## The task
From the records that follow, return exactly the lines beginning at the one that contains "Located just 15m" and ending at the one that contains "- 4 átomos de", pictures left out.

## Records supplied
======

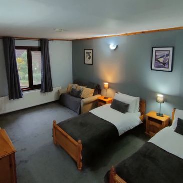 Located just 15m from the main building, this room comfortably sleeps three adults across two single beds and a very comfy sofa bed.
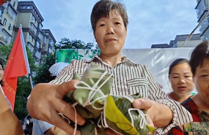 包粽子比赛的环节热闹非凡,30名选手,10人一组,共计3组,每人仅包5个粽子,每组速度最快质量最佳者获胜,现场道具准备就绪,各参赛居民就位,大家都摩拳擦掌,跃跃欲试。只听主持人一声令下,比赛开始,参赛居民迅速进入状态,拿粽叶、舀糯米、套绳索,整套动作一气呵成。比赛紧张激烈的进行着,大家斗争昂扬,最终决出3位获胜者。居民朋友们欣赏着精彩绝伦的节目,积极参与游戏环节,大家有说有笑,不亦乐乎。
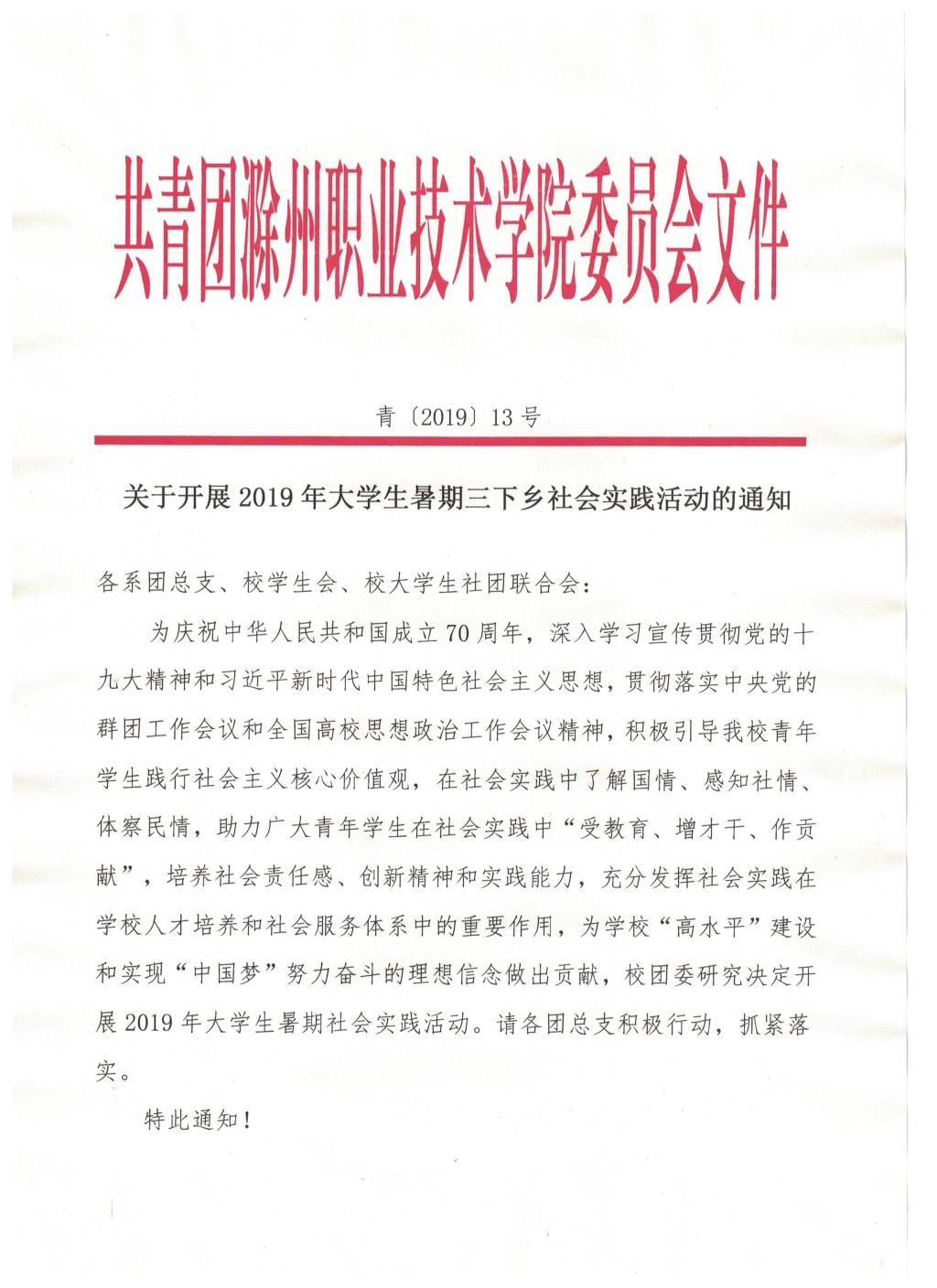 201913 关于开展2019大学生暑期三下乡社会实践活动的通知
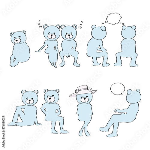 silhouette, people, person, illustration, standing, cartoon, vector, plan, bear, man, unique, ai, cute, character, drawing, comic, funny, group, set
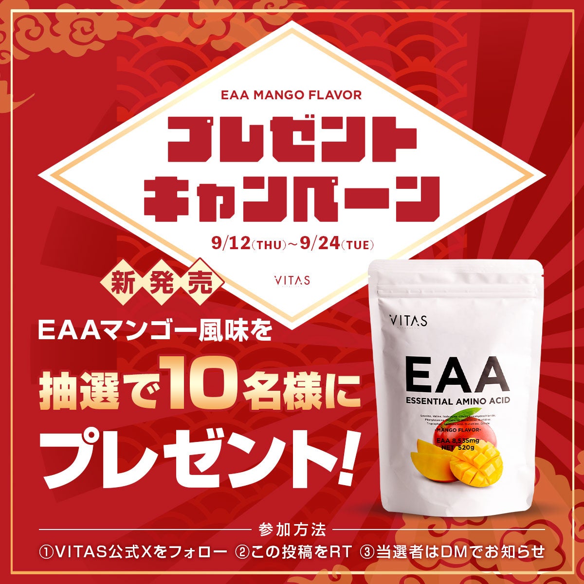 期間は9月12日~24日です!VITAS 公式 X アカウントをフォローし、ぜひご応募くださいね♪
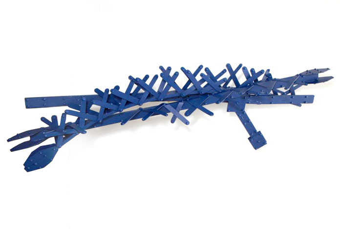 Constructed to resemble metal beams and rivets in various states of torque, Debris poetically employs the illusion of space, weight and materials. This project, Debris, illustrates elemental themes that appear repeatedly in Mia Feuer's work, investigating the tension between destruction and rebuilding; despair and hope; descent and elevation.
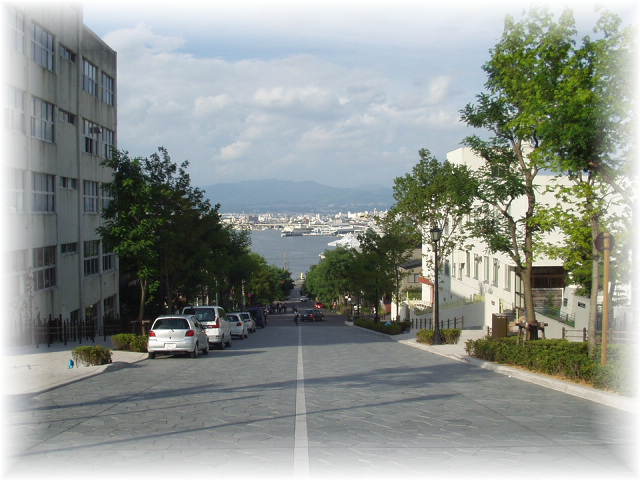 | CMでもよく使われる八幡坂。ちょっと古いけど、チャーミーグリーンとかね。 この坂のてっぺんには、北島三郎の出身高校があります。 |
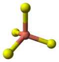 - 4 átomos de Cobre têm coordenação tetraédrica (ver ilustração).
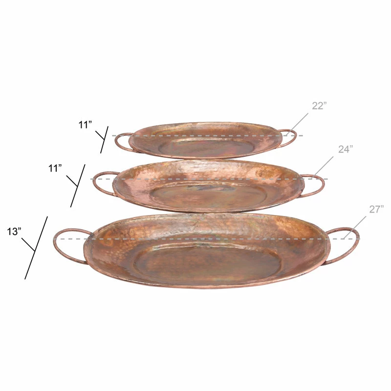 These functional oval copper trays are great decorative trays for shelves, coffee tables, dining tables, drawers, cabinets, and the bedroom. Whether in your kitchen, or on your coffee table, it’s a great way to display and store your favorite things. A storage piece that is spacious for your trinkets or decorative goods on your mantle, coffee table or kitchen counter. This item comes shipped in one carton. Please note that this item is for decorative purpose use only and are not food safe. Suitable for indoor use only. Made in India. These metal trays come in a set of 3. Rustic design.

======

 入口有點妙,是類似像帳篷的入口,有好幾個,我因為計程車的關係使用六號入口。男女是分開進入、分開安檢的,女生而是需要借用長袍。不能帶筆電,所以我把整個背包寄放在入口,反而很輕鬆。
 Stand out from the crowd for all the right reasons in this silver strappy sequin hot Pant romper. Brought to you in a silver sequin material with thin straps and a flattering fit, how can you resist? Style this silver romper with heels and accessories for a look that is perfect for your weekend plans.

======

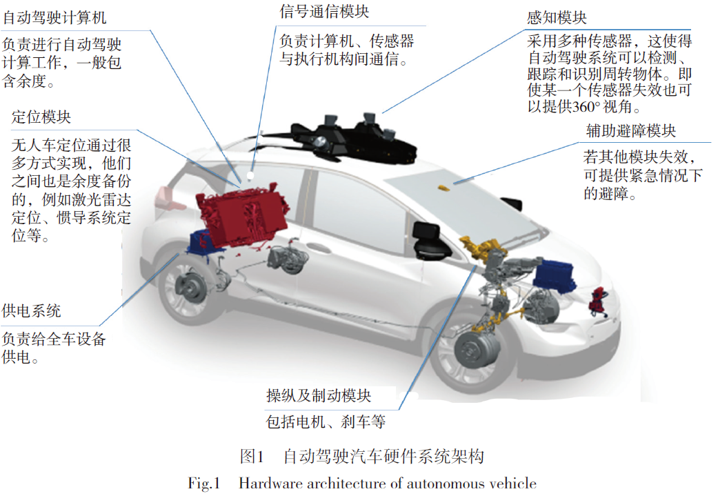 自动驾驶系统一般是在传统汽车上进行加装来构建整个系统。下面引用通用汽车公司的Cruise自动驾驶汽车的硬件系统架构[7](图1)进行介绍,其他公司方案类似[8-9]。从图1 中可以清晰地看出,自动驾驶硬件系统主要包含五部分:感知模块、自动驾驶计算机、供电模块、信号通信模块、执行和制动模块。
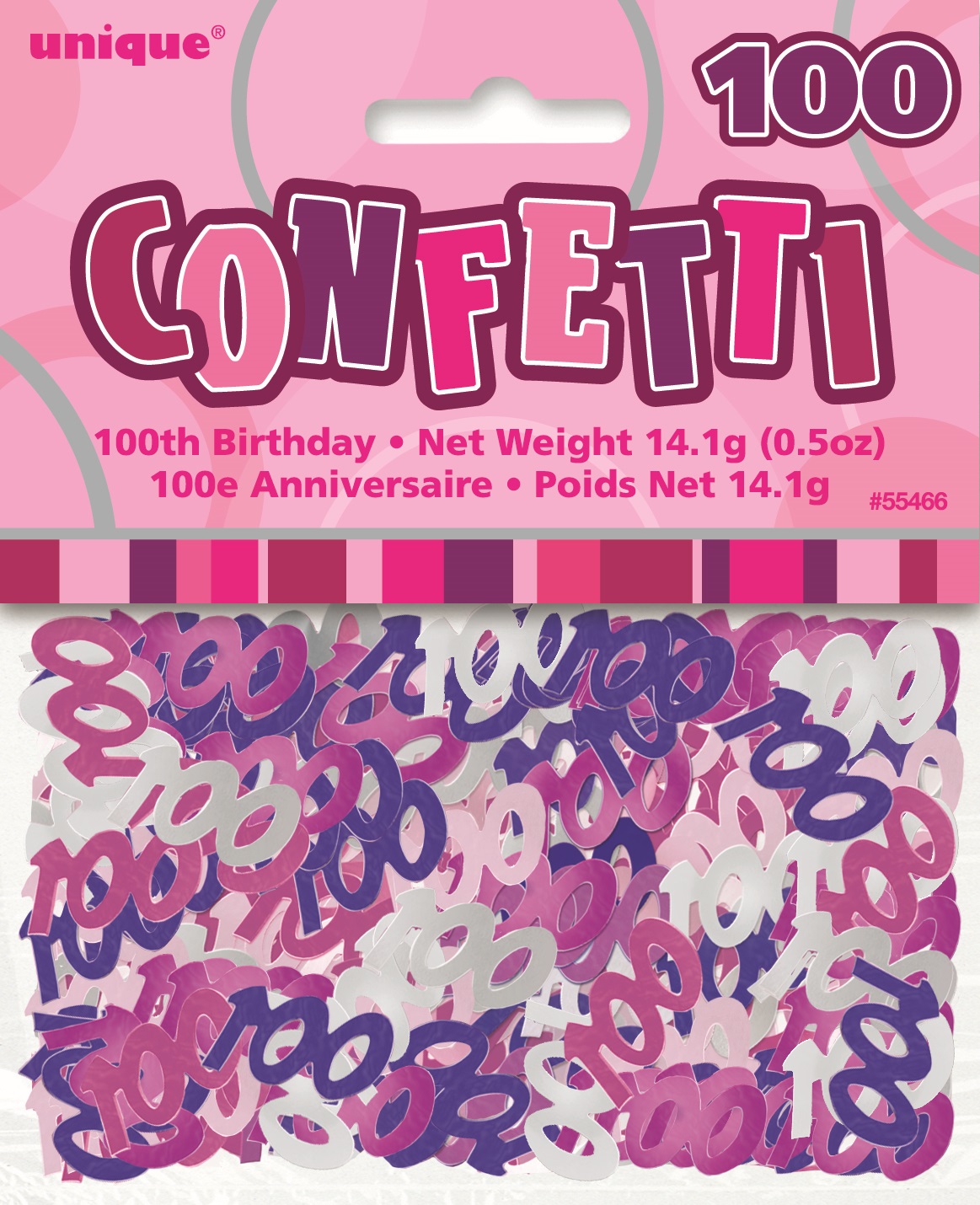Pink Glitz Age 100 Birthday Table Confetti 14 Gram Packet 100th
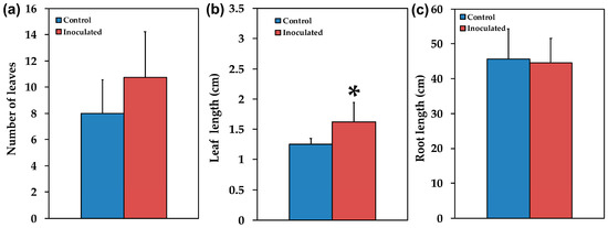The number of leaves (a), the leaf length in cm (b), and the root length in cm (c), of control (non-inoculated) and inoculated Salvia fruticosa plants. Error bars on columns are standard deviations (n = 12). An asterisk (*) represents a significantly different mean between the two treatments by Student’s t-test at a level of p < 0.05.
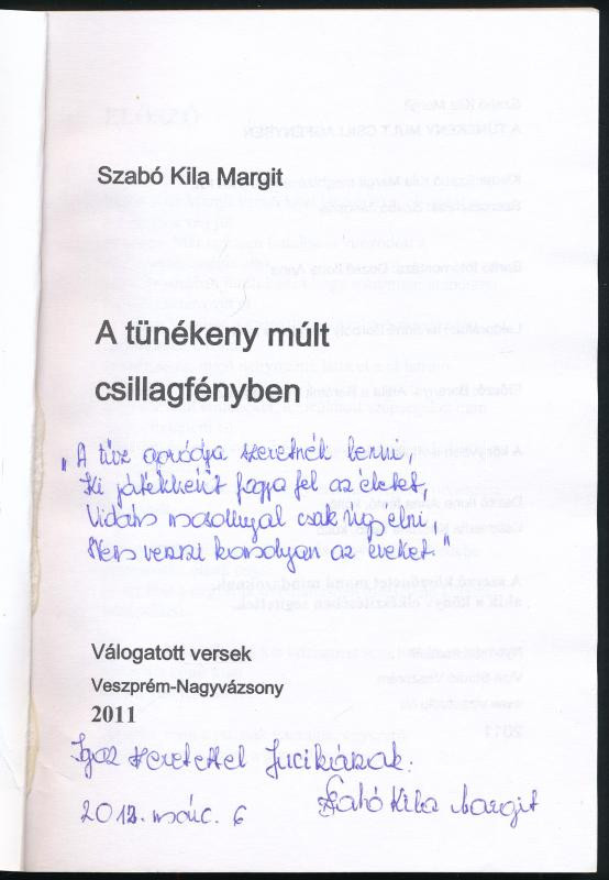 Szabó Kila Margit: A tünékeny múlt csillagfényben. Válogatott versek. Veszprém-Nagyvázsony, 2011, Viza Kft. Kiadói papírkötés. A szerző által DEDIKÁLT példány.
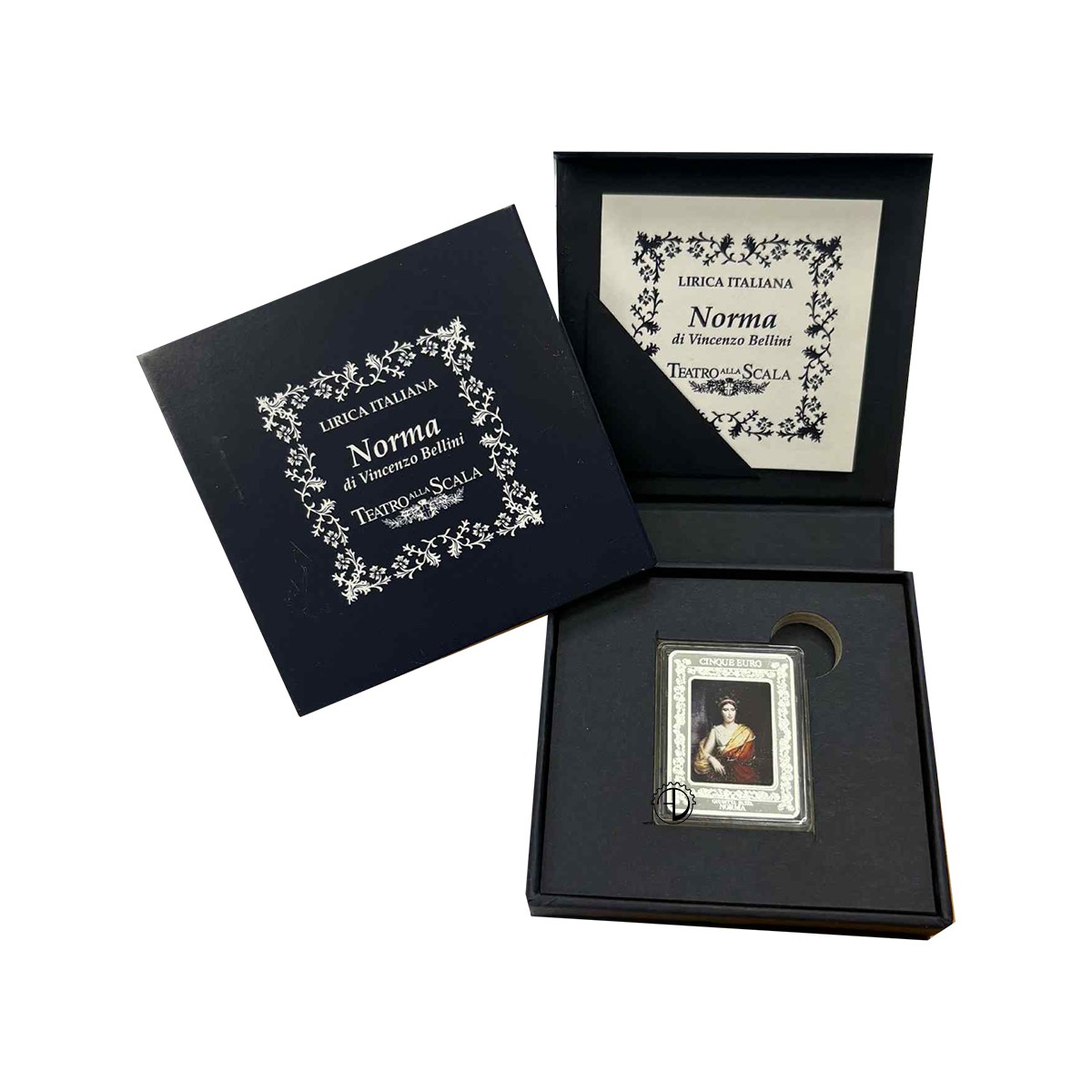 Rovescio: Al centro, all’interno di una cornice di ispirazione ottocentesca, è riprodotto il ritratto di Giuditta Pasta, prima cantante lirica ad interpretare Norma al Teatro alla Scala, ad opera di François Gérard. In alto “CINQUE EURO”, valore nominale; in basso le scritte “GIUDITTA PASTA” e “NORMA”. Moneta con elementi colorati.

======

## Response to this task
 Located just 15m from the main building, this room comfortably sleeps three adults across two single beds and a very comfy sofa bed.
 包粽子比赛的环节热闹非凡,30名选手,10人一组,共计3组,每人仅包5个粽子,每组速度最快质量最佳者获胜,现场道具准备就绪,各参赛居民就位,大家都摩拳擦掌,跃跃欲试。只听主持人一声令下,比赛开始,参赛居民迅速进入状态,拿粽叶、舀糯米、套绳索,整套动作一气呵成。比赛紧张激烈的进行着,大家斗争昂扬,最终决出3位获胜者。居民朋友们欣赏着精彩绝伦的节目,积极参与游戏环节,大家有说有笑,不亦乐乎。
 201913 关于开展2019大学生暑期三下乡社会实践活动的通知
 silhouette, people, person, illustration, standing, cartoon, vector, plan, bear, man, unique, ai, cute, character, drawing, comic, funny, group, set
 期間は9月12日~24日です!VITAS 公式 X アカウントをフォローし、ぜひご応募くださいね♪
 Constructed to resemble metal beams and rivets in various states of torque, Debris poetically employs the illusion of space, weight and materials. This project, Debris, illustrates elemental themes that appear repeatedly in Mia Feuer's work, investigating the tension between destruction and rebuilding; despair and hope; descent and elevation.
 | CMでもよく使われる八幡坂。ちょっと古いけど、チャーミーグリーンとかね。 この坂のてっぺんには、北島三郎の出身高校があります。 |
 - 4 átomos de Cobre têm coordenação tetraédrica (ver ilustração).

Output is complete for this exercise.